**TASK ITEM:**
Of the material below, only the lines from the line containing "60年代フランス ブルボンキーホルダー BLANQUETTE" down to the line containing "ปั๊มจุ่ม 120 วัตต์" belong in the answer, written out exactly.

**DATA TO USE:**

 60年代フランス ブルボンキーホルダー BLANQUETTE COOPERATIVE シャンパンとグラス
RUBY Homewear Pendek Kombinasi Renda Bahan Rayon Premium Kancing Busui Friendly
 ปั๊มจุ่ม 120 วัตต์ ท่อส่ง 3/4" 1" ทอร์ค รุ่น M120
--
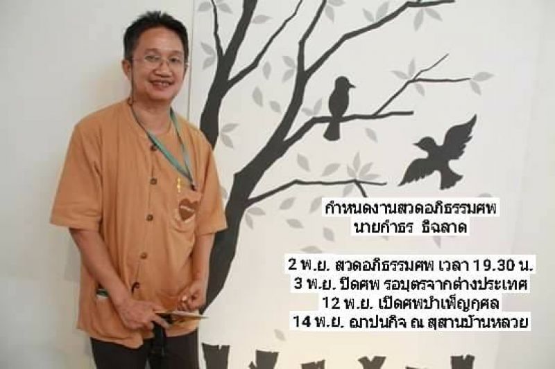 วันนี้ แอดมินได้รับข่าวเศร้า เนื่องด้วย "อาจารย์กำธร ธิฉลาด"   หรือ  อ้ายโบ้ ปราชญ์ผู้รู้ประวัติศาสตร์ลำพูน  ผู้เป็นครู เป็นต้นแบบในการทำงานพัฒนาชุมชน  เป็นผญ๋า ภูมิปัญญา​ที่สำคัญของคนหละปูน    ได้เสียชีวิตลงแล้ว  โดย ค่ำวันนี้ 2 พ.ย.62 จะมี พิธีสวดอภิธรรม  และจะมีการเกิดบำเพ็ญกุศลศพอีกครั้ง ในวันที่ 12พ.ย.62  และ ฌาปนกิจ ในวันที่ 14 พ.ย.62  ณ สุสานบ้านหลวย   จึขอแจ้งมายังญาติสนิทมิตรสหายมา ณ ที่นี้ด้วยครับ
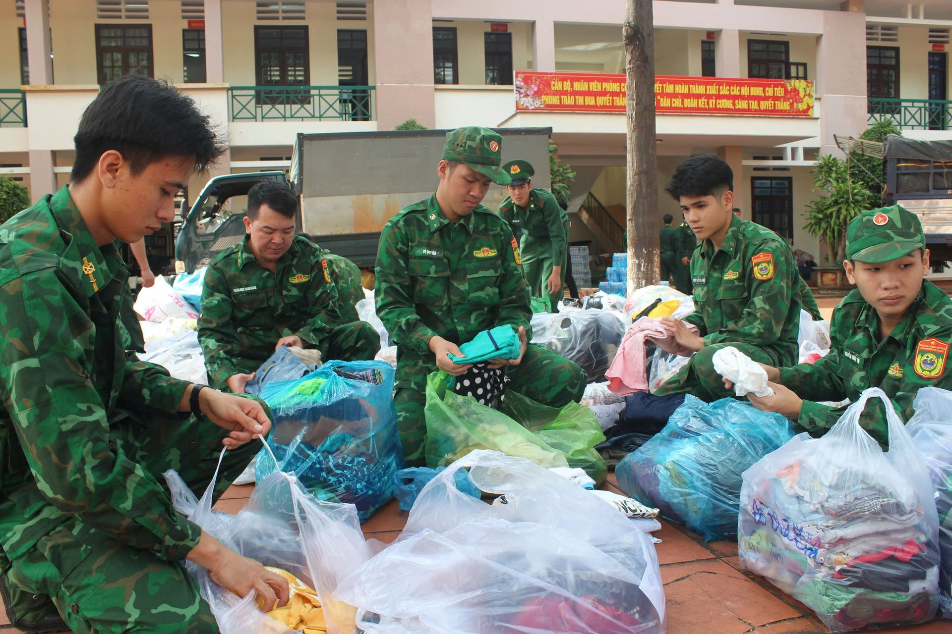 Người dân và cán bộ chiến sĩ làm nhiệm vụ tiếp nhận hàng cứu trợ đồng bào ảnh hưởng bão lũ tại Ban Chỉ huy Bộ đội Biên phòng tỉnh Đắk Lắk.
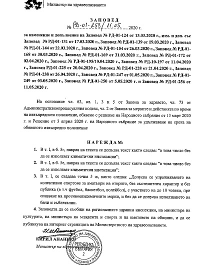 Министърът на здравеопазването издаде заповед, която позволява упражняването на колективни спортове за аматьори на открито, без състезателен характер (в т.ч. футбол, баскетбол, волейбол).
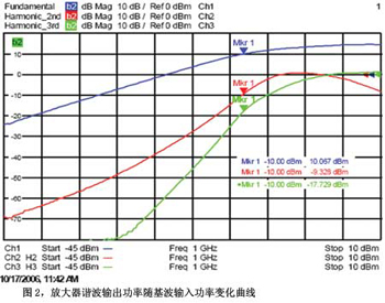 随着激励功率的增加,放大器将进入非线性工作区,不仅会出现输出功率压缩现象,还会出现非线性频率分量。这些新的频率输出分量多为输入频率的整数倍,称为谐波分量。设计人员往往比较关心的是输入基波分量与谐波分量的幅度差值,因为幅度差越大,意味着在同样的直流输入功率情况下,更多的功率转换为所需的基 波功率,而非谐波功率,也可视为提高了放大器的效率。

**WRITTEN REPLY:**
 60年代フランス ブルボンキーホルダー BLANQUETTE COOPERATIVE シャンパンとグラス
RUBY Homewear Pendek Kombinasi Renda Bahan Rayon Premium Kancing Busui Friendly
 ปั๊มจุ่ม 120 วัตต์ ท่อส่ง 3/4" 1" ทอร์ค รุ่น M120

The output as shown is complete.